GEÇİM VE YAŞAM SAVAŞI Mehmet Başak, evinin hastaneden farksız olduğunu, aldığı 830 lira iş göremez emekli maaşıyla yaşam savaşı verdiğini belirtiyor: “Bu gece nasıl sabah olacağını bilemedim. Alet bozuldu, servisi aradım, 60 lira istiyor. Benim aldığım emekli maaşı 800 küsur lira. Sigortalı olduğum için maaş bağlanmıştı. Hanım da 740 lira alıyor. Aha gelmiş 100 lira sadece elektrik. Ben nereden vereceğim. 5 tane solunum cihazı var evde, 3’ü bozuk. 8 tane de oksijen tüpü var. Değiştiriyorum 40 lira. Elektrik gittiğinde ona bağlanıyorum, sürekli açık kalırsa 2 saat yetmiyor.“ 4 çocuk okuttuğunu ifade eden Başak, ne yapacağını bilemediğini, “bir ton borcunun olduğunu” vurguluyor: “Doktor, ‘kimseyi yanına sokmayacaksın’ diyor, ‘odana kimse girmesin’ diyor. Ev iki oda zaten, bu evi görseler herhalde beni bir daha hastaneye sokmazlar. 15 metre hortumu sallıyorum aşağı, yavaş yavaş bir merdiven iki merdiven inip çıkıyorum. Bu şekilde yaşıyorum. Sayın Cumhurbaşkanına, Başbakana sesleniyorum. Ne olur benim de evime gelsinler, şu halimi bir görsünler. Elbet ikram edecek bir çayımız olur. Eğer gelemiyorlarsa ben gideyim ayaklarına ne olur derdimi bir anlatayım.”

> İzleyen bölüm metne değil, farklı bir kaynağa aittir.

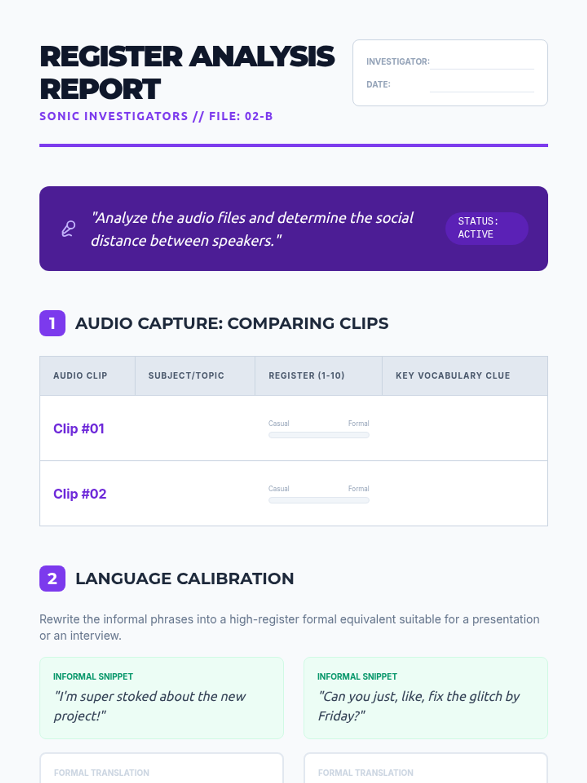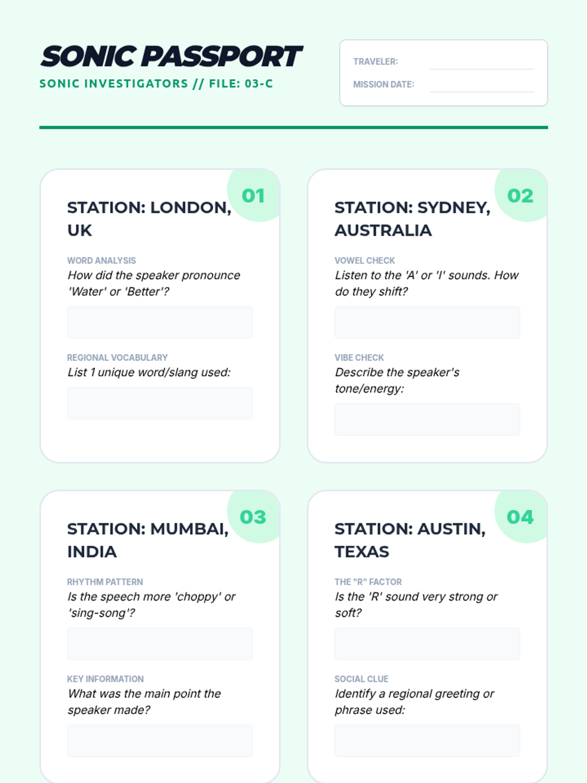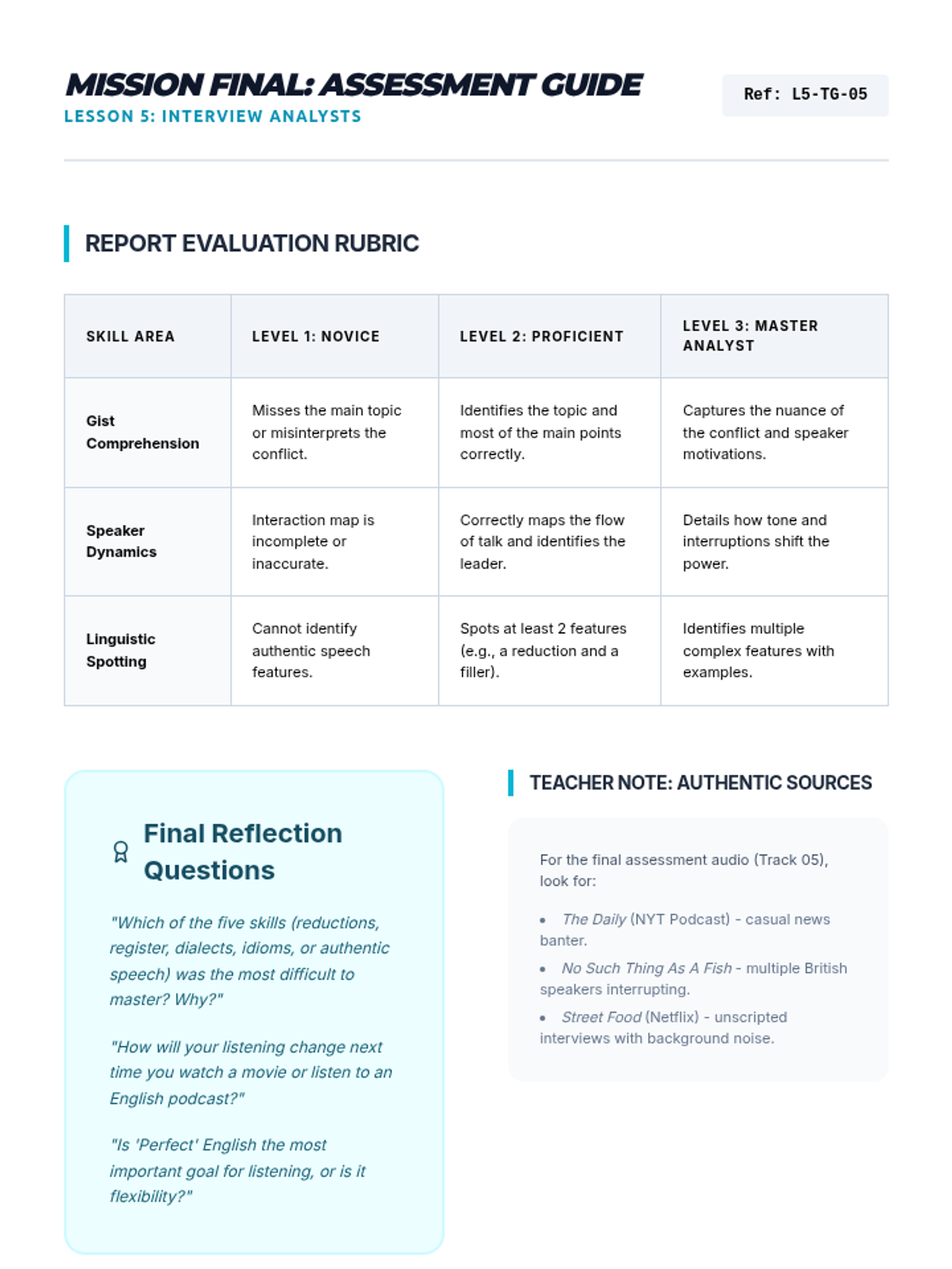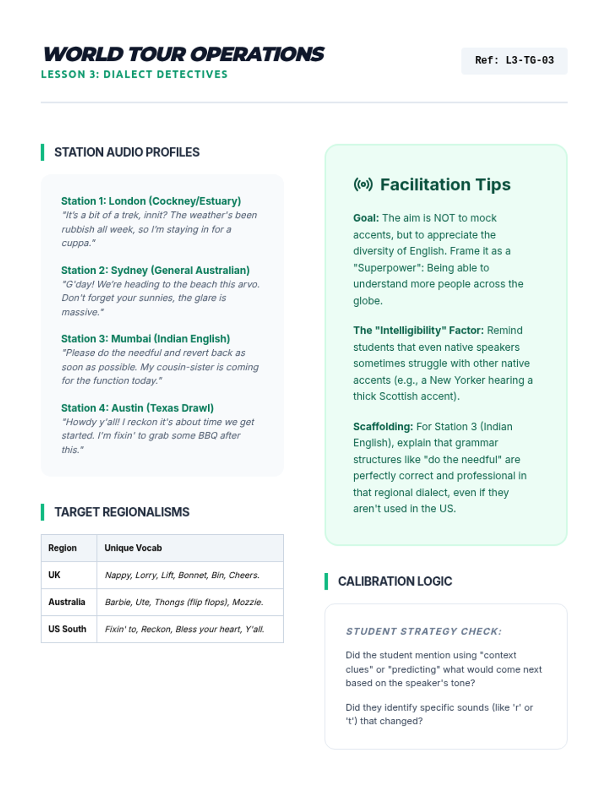 Students explore English beyond the textbook, focusing on authentic fast-paced speech, regional dialects, and varying registers to improve real-world listening comprehension.
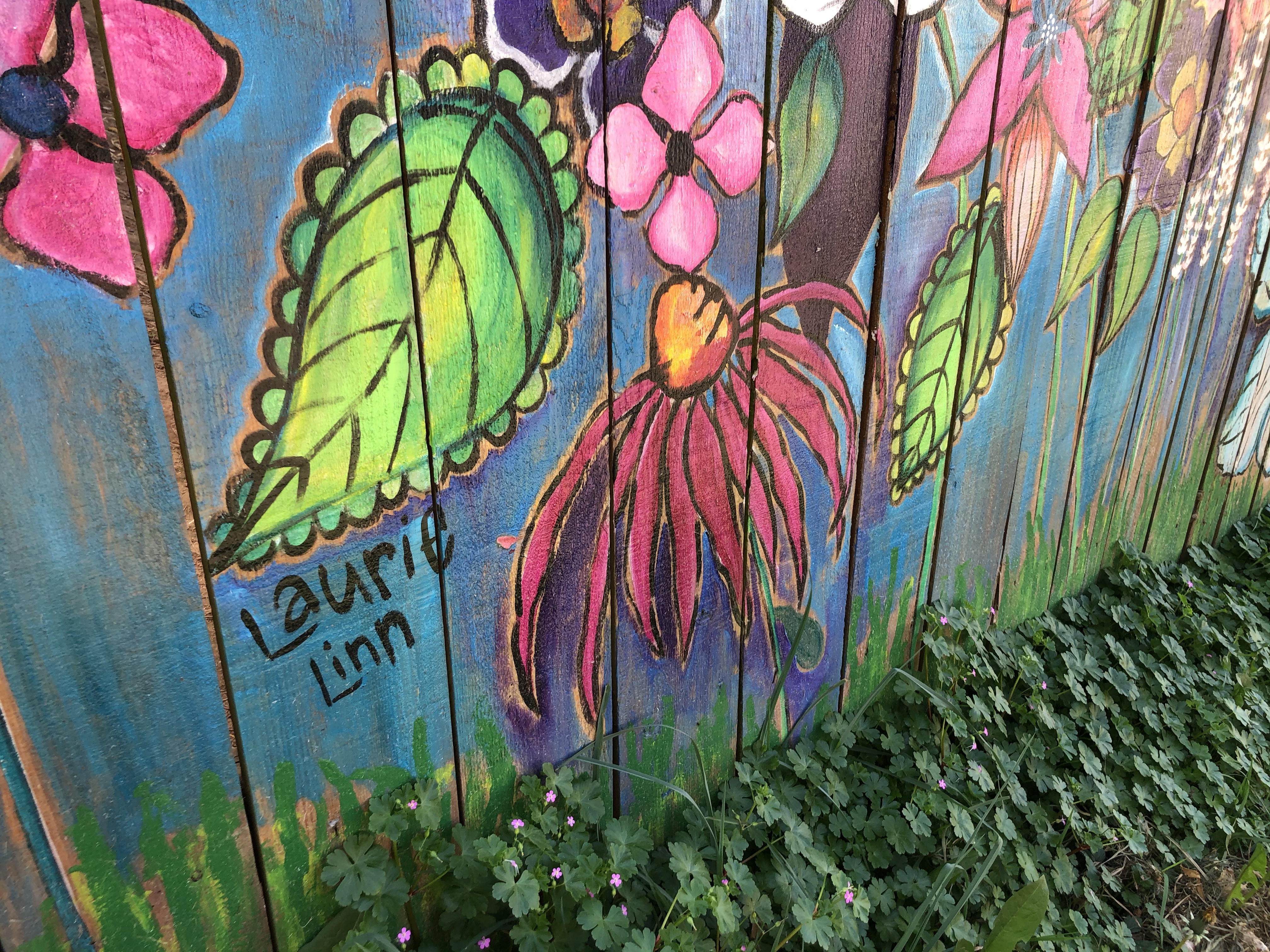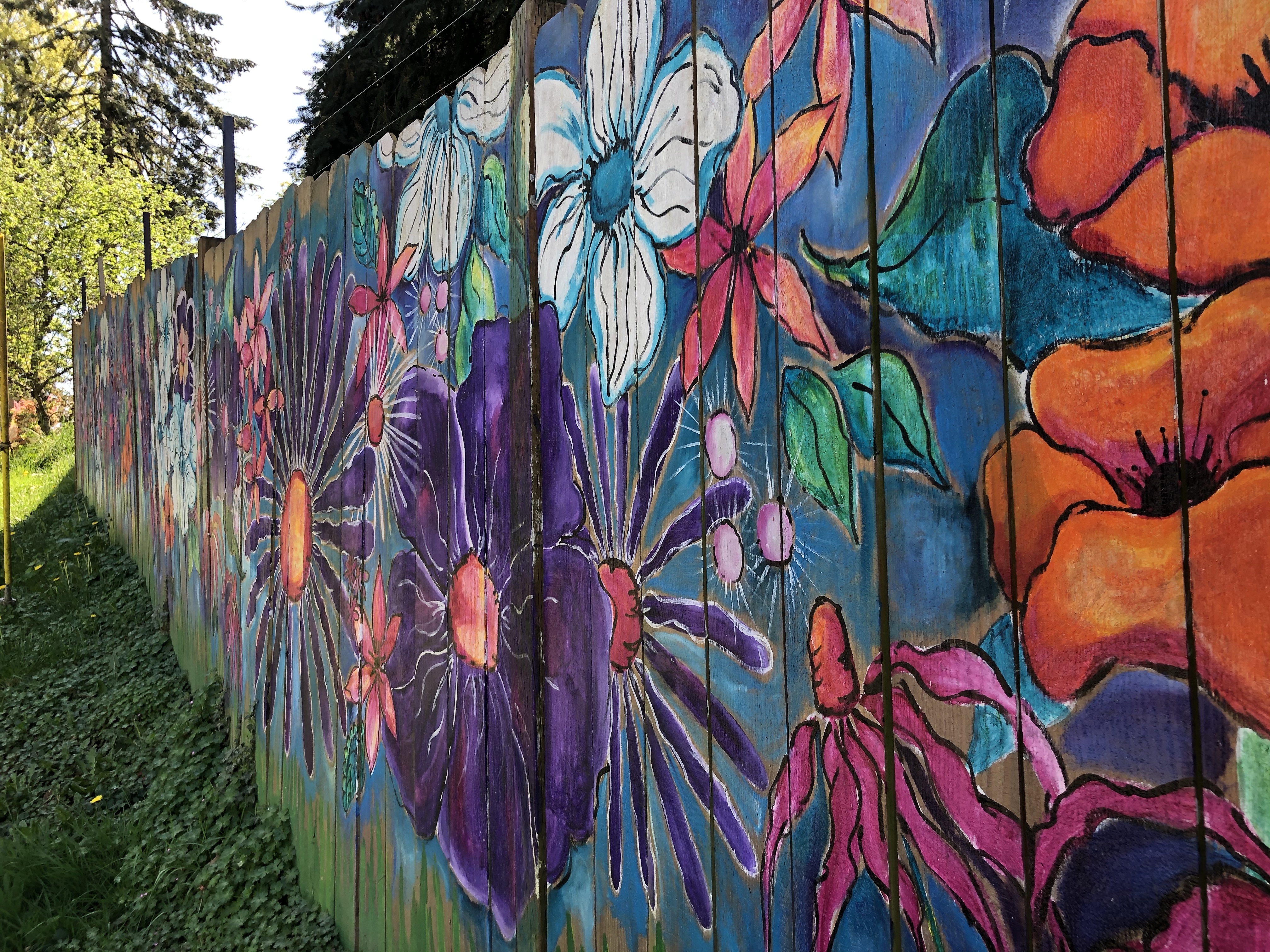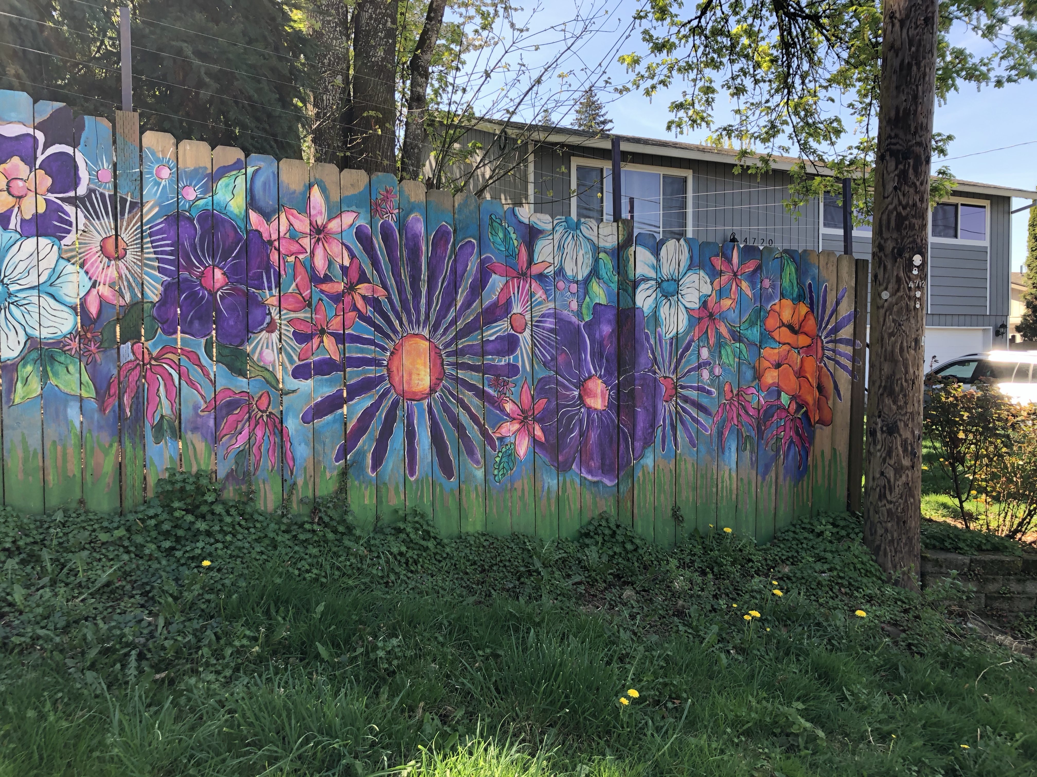 It helps to have the occasional walk about in our home turf of West Portland Park. There are sights and rare finds yet to behold. On such occasion I could not help but be struck by a garden mural painted on a fence. Great colors and recreations of flowers on a grand scale that spruced up the fence and added pizzazz to the rest of the street.

SONUÇ OLARAK Kot kumlama işine maddi geçimini sağlamak için zor durumda insanlar girmektedir. Sonucunda tedavisi mümkün olmayan, makinaya bağımlı, ölüme mahkum, nefesi elinden alınmış bir birey olunuyor. Maddi ve manevi geçinmek daha zorlaşmakla beraber genç yaşta hayatınız elinizden alınıyor. İşçi haklarına sahip çıkalım, silikozis hastalığına neden olan kurum ve kuruluşlara DUR DİYELİM!!!